I was trying to convert JDBC ResultSet to Spark RDD and was looking for an efficient way to do that using parallelism feature of Spark.

Below is what i have implemented as per this https://stackoverflow.com/a/32073423/6064131

val rs:ResultSet = stmt .getResultSet
val colCount = rs.getMetaData.getColumnCount

def getRowFromResultSet(resultSet: ResultSet): String ={
  var i:Int = 1
  var rowStr=""
  while(i<=colCount){
    rowStr=rowStr+resultSet.getString(i)+delim
    i+=1
  }
  rowStr
}

val resultSetList = Iterator.continually((rs.next(), rs)).takeWhile(_._1).map(r => {
  getRowFromResultSet(r._2) // (ResultSet) => (spark.sql.Row)
}).toList

val x = sc.parallelize(resultSetList)

Now the main issue is it is taking more time and i understand all dataset is pulled through one needle eye.But is there any better way to achieve this?

Some might be wondering why i am not using inbuilt feature sqlContext.read.format to achieve this, the reason is Spark wraps a "SELECT * FROM ( )" around the query which is creating issue with complex queries.

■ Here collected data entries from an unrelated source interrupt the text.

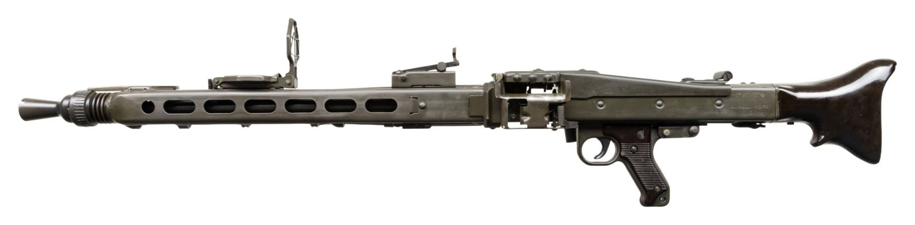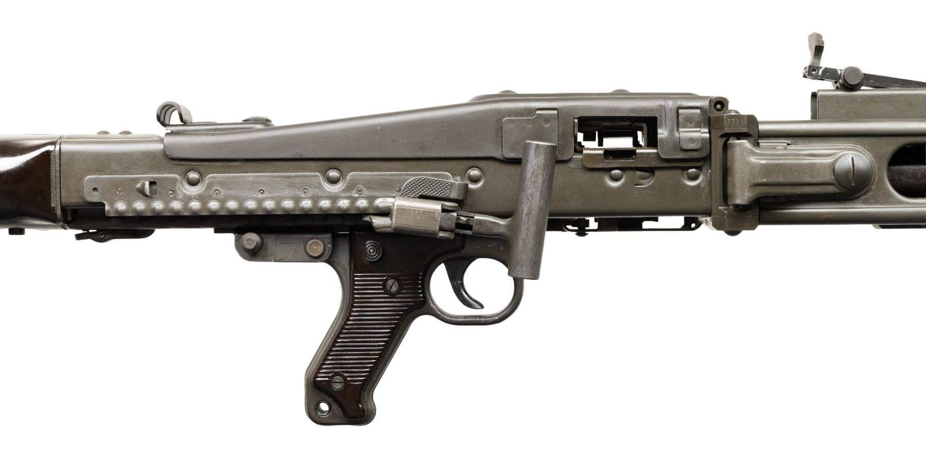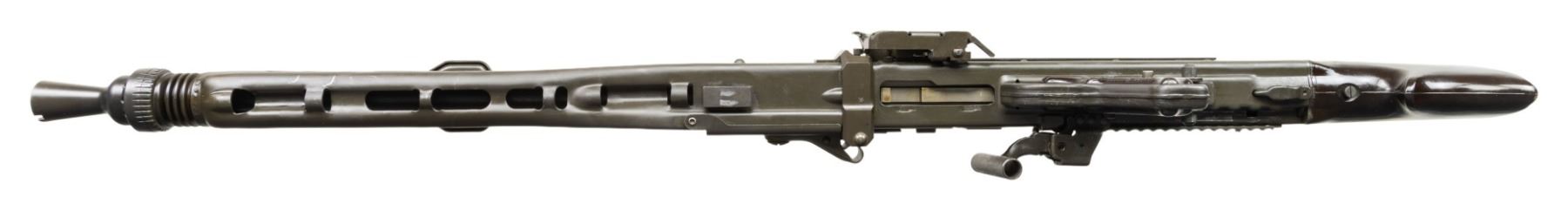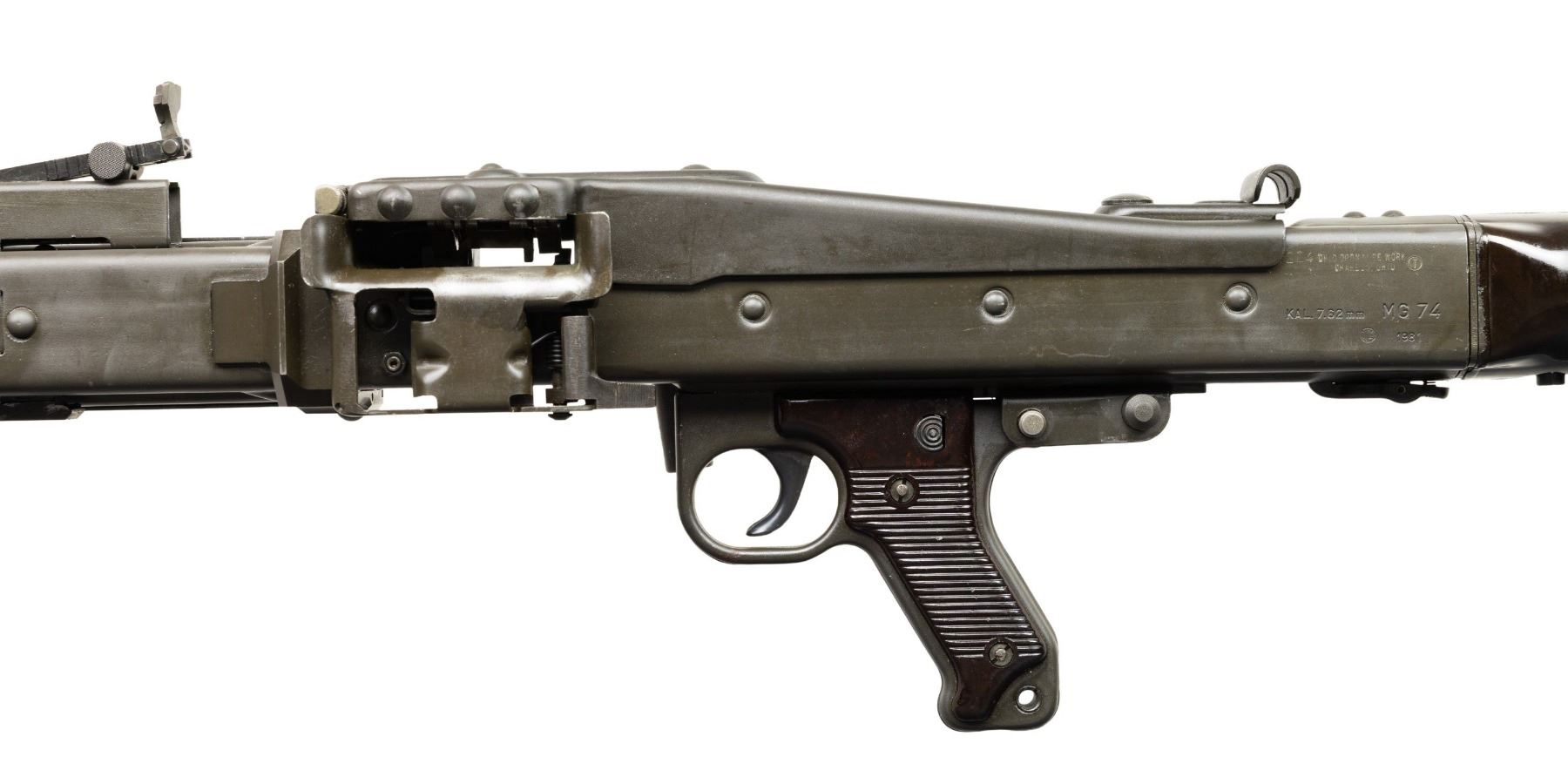 BELT FED MACHINE GUN. ***BIDDERS INTERESTED IN THIS LOT MUST CURRENTLY HOLD A TYPE 07, 08, 10, OR 11 FFL.*** Cal. 7.62x51. S# 1224. Bbl 26" over flash hider. Folding front sight, aircraft sight, & rear sight graduated to 1200m. Left side of receiver is marked "Ohio Ordnance Works. Chardon, OH. / Kal. 7.62mm MG74 / 1981". Brown composite stock and grips. CONDITION: overall very fine with only light signs of use. Minty bore. POST 1986 DEALER SAMPLE MACHINE GUN WITH NO LAW (DEMO) LETTER REQUIRED TO TRANSFER. RESTRICTED REGISTRATION POSSESSION LIMITED TO CONTINUED COMPLIANCE WITH PROVISIONS OF PUBLIC LAW 99-308. IF YOU ARE AN 07, 08, 10, or 11 FFL/SOT YOU MAY TAKE TRANSFER OF THIS FIREARM UPON APPROVAL OF TRANSFER. PROVENANCE: Military Museum Collection of Shooters Outpost, Hooksett NH. THIS ITEM WILL BE AVAILABLE FOR PREVIEW BY APPOINTMENT AT THE SHOOTERS OUTPOST MUSEUM IN HOOKSETT, NH. TO SET UP AN APPOINTMENT, PLEASE CALL 207-453-2114. (50-1936/ZAL). MODERN CLASS III. $12,000-18,000.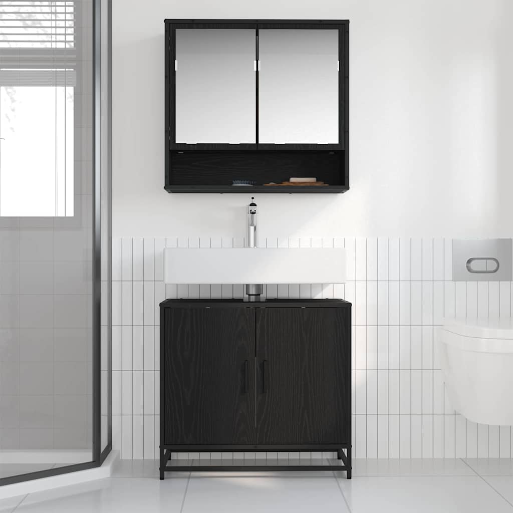 Set de mobilier pentru baie 2 pcs Stejar Negru Lemn compozit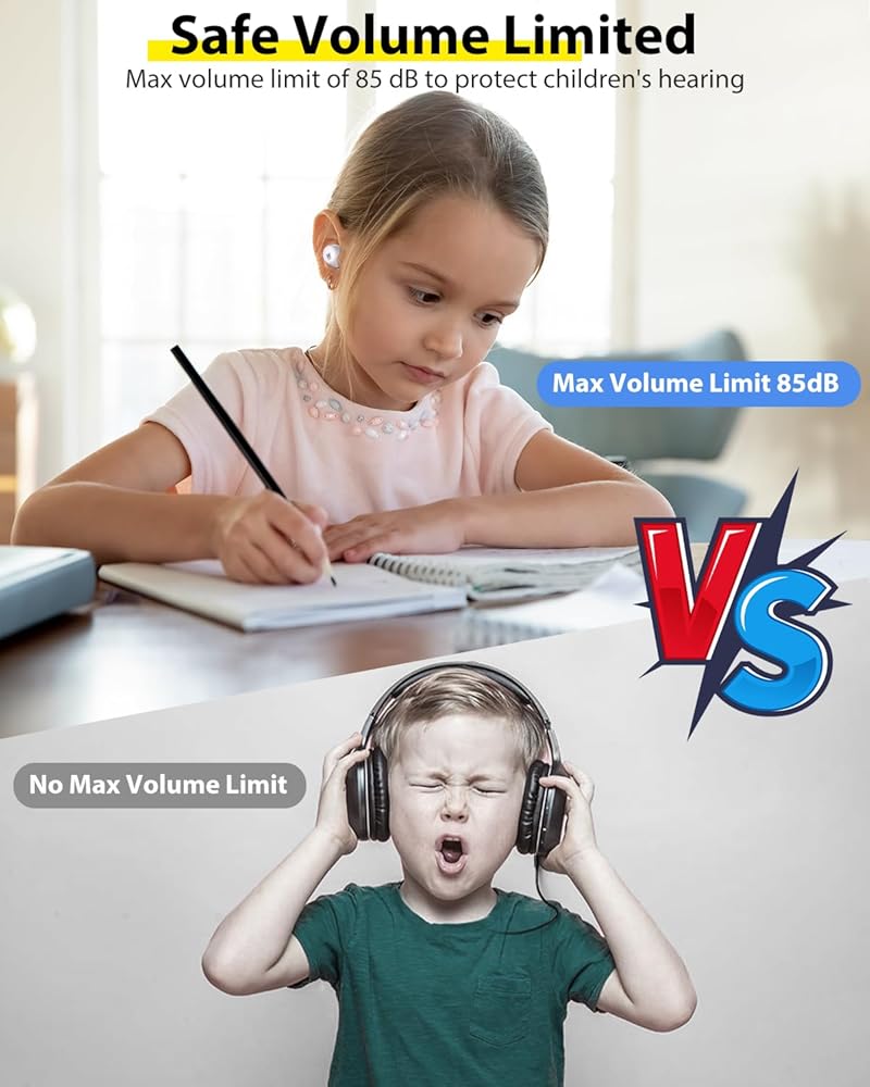 عمر البطارية الطويل ، الاستخدام طوال اليوم: مع كابل شحن USB-C المضمون ، يمكنك الاستمتاع بما يصل إلى 30 ساعة من وقت التشغيل (مع حالة الشحن) على شحنة سريعة واحدة (1.5 ساعة) ، والتي تلبي احتياجات أطفالك لفترة طويلة حان الوقت للاستماع إلى الموسيقى ومشاهدة مقاطع الفيديو والتعليم عبر الإنترنت والسفر وما إلى ذلك.

Please refer the link for details Issue with WITH clause with Cloudera JDBC Driver for Impala - Returning column name instead of actual Data

Arghya Saha
  • 227
  • 1
  • 4
  • 17

1 Answers1

0

But is there any better way to achieve this?

I wouldn't reinvent the wheel. If you still experience the same issue with a recent Spark version (1.6 is pretty old) and JDBC driver (my guess it is the one to blame) just CREATE VIEW and use it for queries.

Also don't forget to file a bug report.

Alper t. Turker
  • 34,230
  • 9
  • 83
  • 115